- [What is expected] Your task is to copy the stretch of lines in the records below that begins with the line containing "Eyyüp Acar’ın telefonunun" and ends with the line containing "-rm -R /user/Administrator/output", exactly as written, with nothing added.

- [Given data]
————
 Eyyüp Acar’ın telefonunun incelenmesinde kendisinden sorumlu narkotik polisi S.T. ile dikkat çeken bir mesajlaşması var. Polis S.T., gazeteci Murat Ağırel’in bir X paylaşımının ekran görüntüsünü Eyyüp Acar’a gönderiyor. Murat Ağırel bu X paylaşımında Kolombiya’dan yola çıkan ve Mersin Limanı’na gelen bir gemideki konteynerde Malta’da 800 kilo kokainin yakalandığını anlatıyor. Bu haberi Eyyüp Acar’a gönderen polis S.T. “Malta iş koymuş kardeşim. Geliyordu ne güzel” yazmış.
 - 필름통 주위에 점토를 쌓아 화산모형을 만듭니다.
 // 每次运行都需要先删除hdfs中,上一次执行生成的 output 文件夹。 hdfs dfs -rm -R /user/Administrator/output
————
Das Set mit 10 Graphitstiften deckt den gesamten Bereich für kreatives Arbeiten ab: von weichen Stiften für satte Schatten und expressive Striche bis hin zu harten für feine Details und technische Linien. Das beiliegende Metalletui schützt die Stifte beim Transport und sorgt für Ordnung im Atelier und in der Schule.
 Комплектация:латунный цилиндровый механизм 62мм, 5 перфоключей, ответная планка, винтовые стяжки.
————
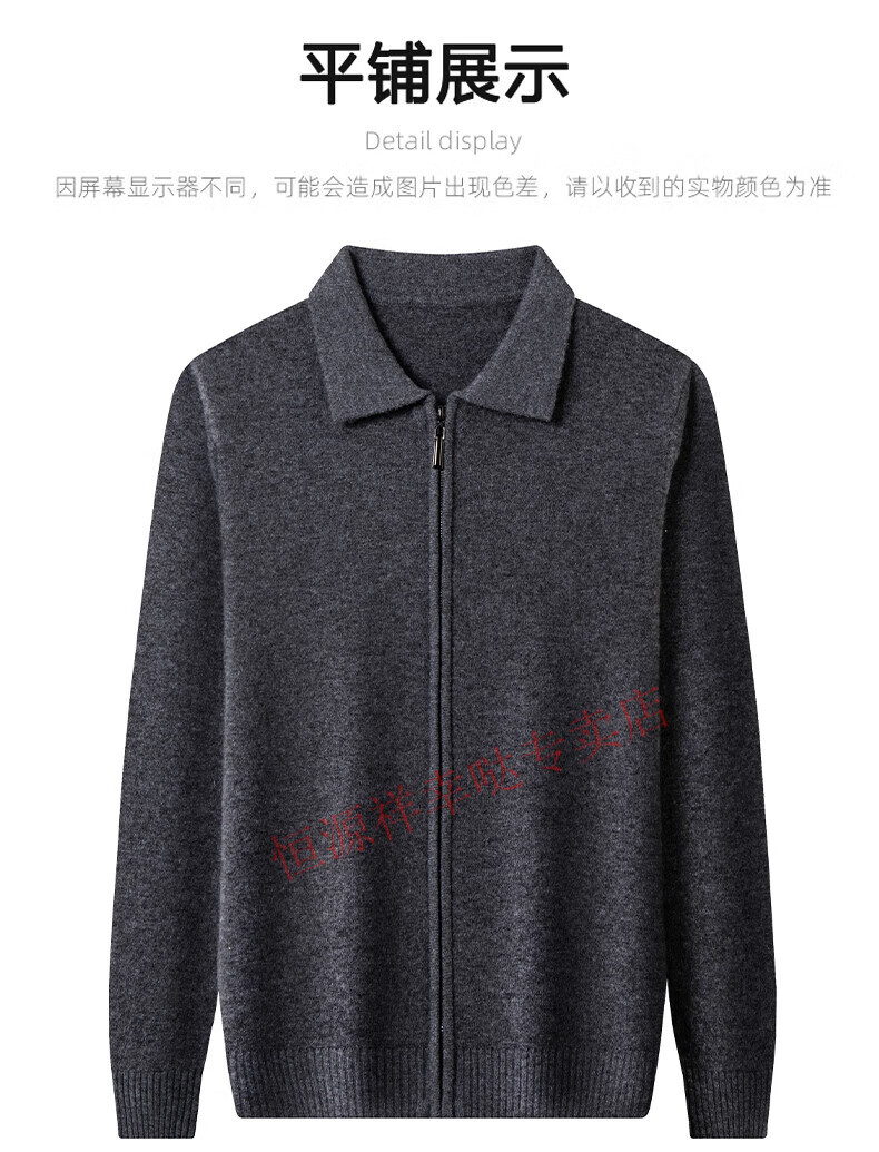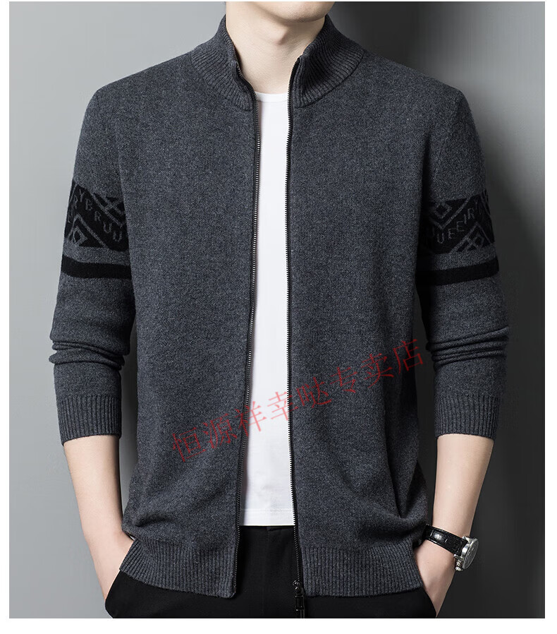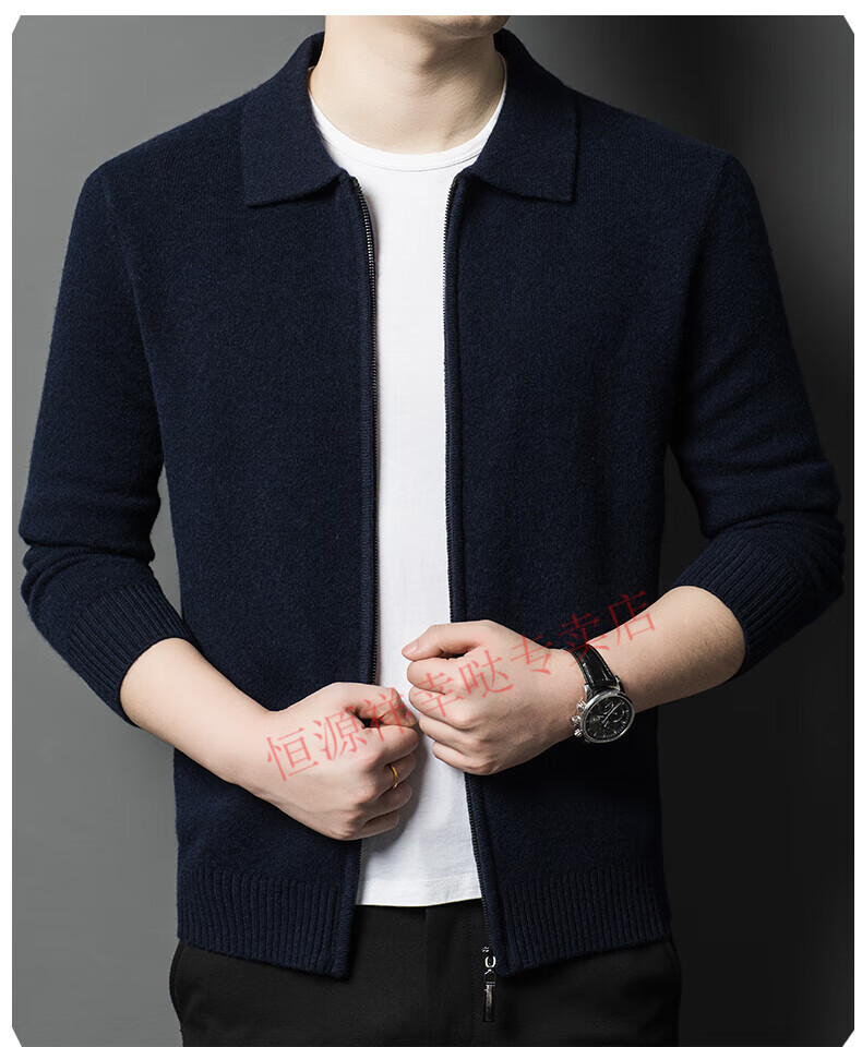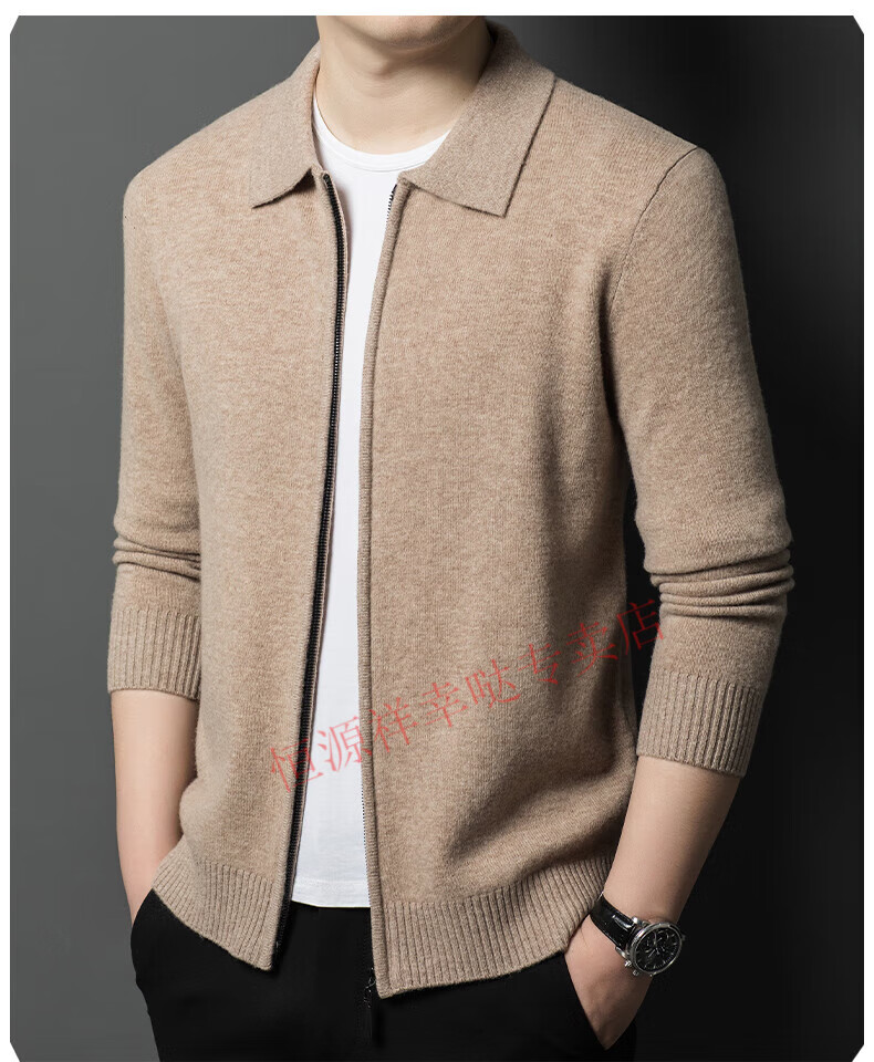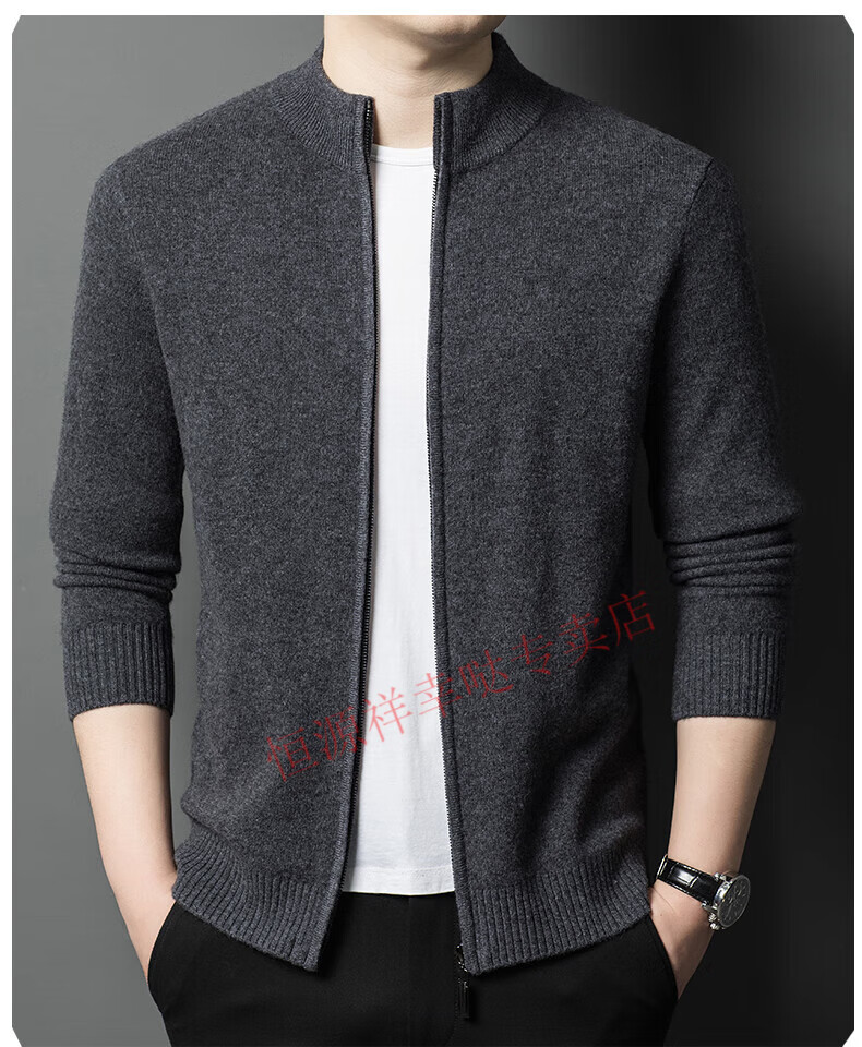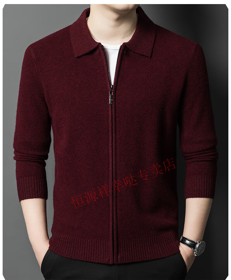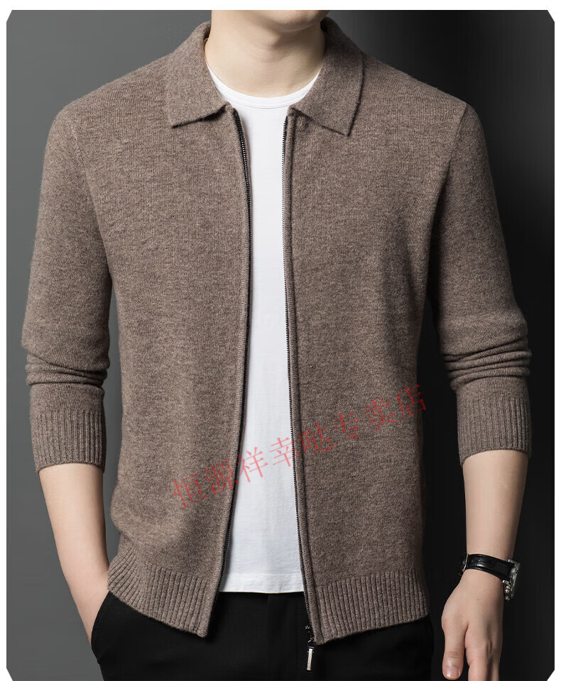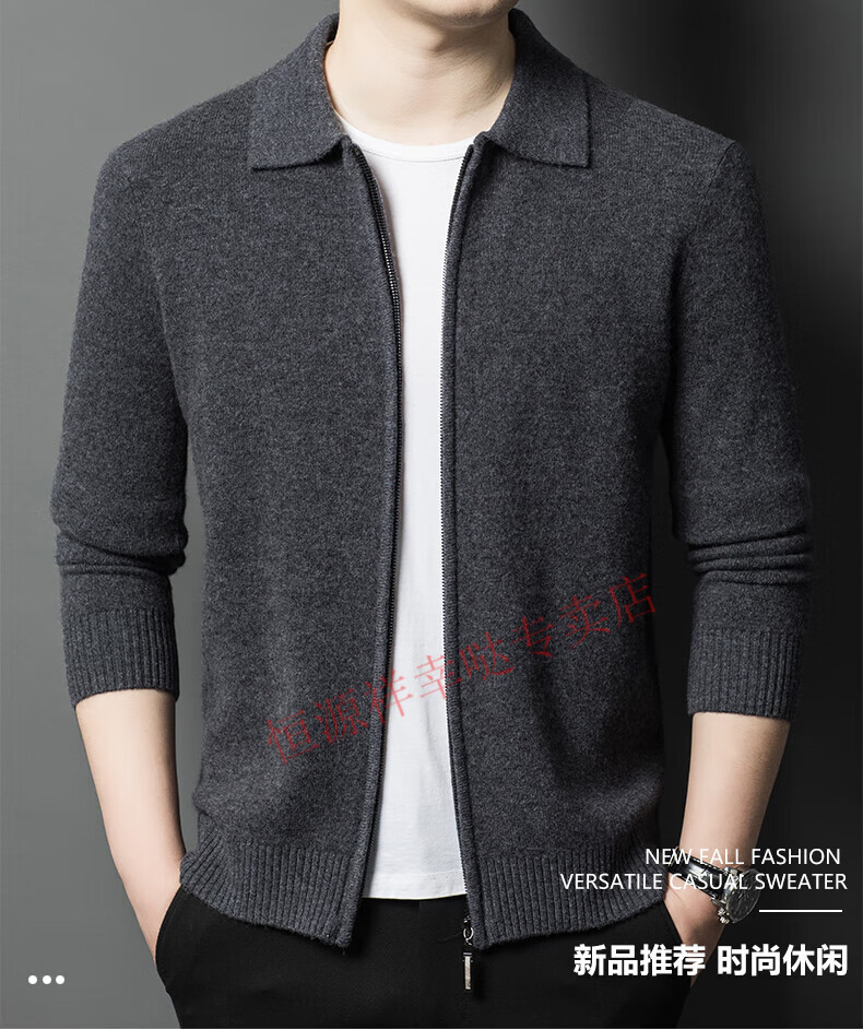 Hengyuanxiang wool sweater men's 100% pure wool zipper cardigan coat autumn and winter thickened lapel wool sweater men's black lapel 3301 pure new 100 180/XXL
————
- [Output]
 Eyyüp Acar’ın telefonunun incelenmesinde kendisinden sorumlu narkotik polisi S.T. ile dikkat çeken bir mesajlaşması var. Polis S.T., gazeteci Murat Ağırel’in bir X paylaşımının ekran görüntüsünü Eyyüp Acar’a gönderiyor. Murat Ağırel bu X paylaşımında Kolombiya’dan yola çıkan ve Mersin Limanı’na gelen bir gemideki konteynerde Malta’da 800 kilo kokainin yakalandığını anlatıyor. Bu haberi Eyyüp Acar’a gönderen polis S.T. “Malta iş koymuş kardeşim. Geliyordu ne güzel” yazmış.
 - 필름통 주위에 점토를 쌓아 화산모형을 만듭니다.
 // 每次运行都需要先删除hdfs中,上一次执行生成的 output 文件夹。 hdfs dfs -rm -R /user/Administrator/output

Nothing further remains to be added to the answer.